Investigation results


"Now we didn’t have any discrepancies in my pharmacies but that would be one way of pharmacies finding out whether any record had been registered incorrectly for patients," Mr Picard notes.
"But they’re not necessarily in the same order between pharmacies, so if a pharmacist or locum worked across multiple pharmacies the way it presents itself to the pharmacist may be different.
"And one could argue that’s a good thing because it allows you to pay more attention," Mr Picard says.


Determining the patient's age


"The other thing that we do at Newdays when vaccinating is we ask for the date of birth and we also ask people to tell us how old they are," Mr Picard says.
"I know that sounds a little old fashioned but if someone is 65 or turning 66 in your head you think 'I need to give the over 65 vaccine'. The problem is when someone is 65 before March 2023 – you could potentially give someone who is 64 today but 65 in January the wrong dose."

"That person would technically need an over-65 vaccine," he says.

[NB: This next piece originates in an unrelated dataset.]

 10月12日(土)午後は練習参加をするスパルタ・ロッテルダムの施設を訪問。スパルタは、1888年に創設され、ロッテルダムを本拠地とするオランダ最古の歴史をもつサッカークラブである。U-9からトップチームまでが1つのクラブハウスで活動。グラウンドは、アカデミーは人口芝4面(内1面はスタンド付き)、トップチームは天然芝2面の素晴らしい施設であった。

"If the wrong vaccine is given with the report that you run you can then find the patient. Once you’ve got the patient, you can inform the surgery and call the patient and explain the situation."


Additional vaccines


"I’m not sure whether the guidance is to administer another flu vaccine. But it was an interesting exercise to do to see if there had been any errors," Mr Picard says. "For PSNC to come up with the guidance there must have been some errors reported."
Mr Khan says systems are in place so that "it is flagged up if a patient might need a top up vaccine".
"When you input the information about the patient onto how you inform the NHS that you’ve given a vaccine it might pop up or they could have had a vaccination done and this is the second one – that can happen," Mr Khan adds.


PSNC guidance

According to PSNC the aQIV (adjuvanted Quadrivalent Influenza Vaccine Seqirus) or the QIVr or QIVc are the correct vaccines to give to patients over 65.

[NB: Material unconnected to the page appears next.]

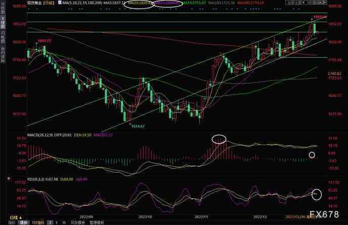 整体来看,多位美联储官员倾向于进一步加息且较长时间维持高利率水平以达成2%的通胀目标,ADP和初请失业金人数等就业数据也给美联储进一步加息提供数据支撑,美元指数短线初步见底并偏向进一步震荡上行,这对金价不利;金价在技术面也出现了一些见顶信号,除非晚间非农数据意外表现极差,否则金价短线存在进一步下行风险,下方分别关注10日均线1820.81和21日均线1808.00附近支撑。

The aQIV is recommended 'off-label' to 64-year-olds turning 65 before 31 March 2023.

At-risk adults aged 18 to 64 - including pregnant women - should be offered QIVc (cell-based quadrivalent influenza vaccine), QIVr or QIVe.

For 50-64-year-olds not at clinical risk, it’s advised that the QIVe or QIVc/QIVr vaccines are given.

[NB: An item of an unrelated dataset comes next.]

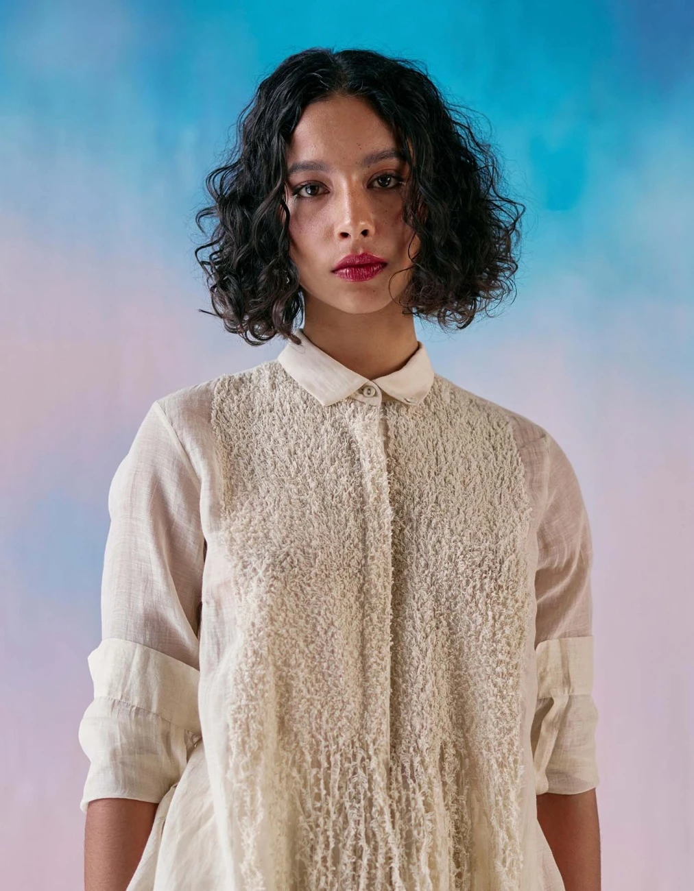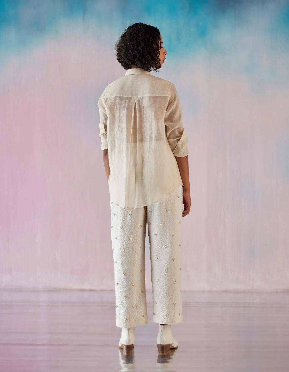 - Off white chanderi moss emb yoke fringe shirt

What other remedial options are available?


"It only pops up after in the system so it depends on the locality," Mr Khan says.
"PSNC has covered what to do if the wrong vaccine is given to a patient and has said it advises any patient in this situation is recalled and that a risk assessment is done to consider re-vaccinating," Mr Khan adds.
"They also recommend contacting your local NHS England screening and immunisation team for advice," Mr Khan goes on to say.
"Their website also says contractors are encouraged to review their clinical practice to ensure their vaccination provisions are in line with the appropriate guidance and any risk of inappropriate vaccination has been considered and the risks mitigated," Mr Khan concludes.


Cause for concerns


PSNC has been told of cases where the QIVe flu vaccine has been given to over 65s when there is no provision for use of this vaccine in that patient group after the Joint Committee on Vaccination and Immunisation said it was not effective for patients over 65.
If QIVe has been given to anyone aged 65 years or over, the available guidance advises that the patient is recalled and a risk assessment undertaken to consider re-vaccinating with an appropriate vaccine for their age group.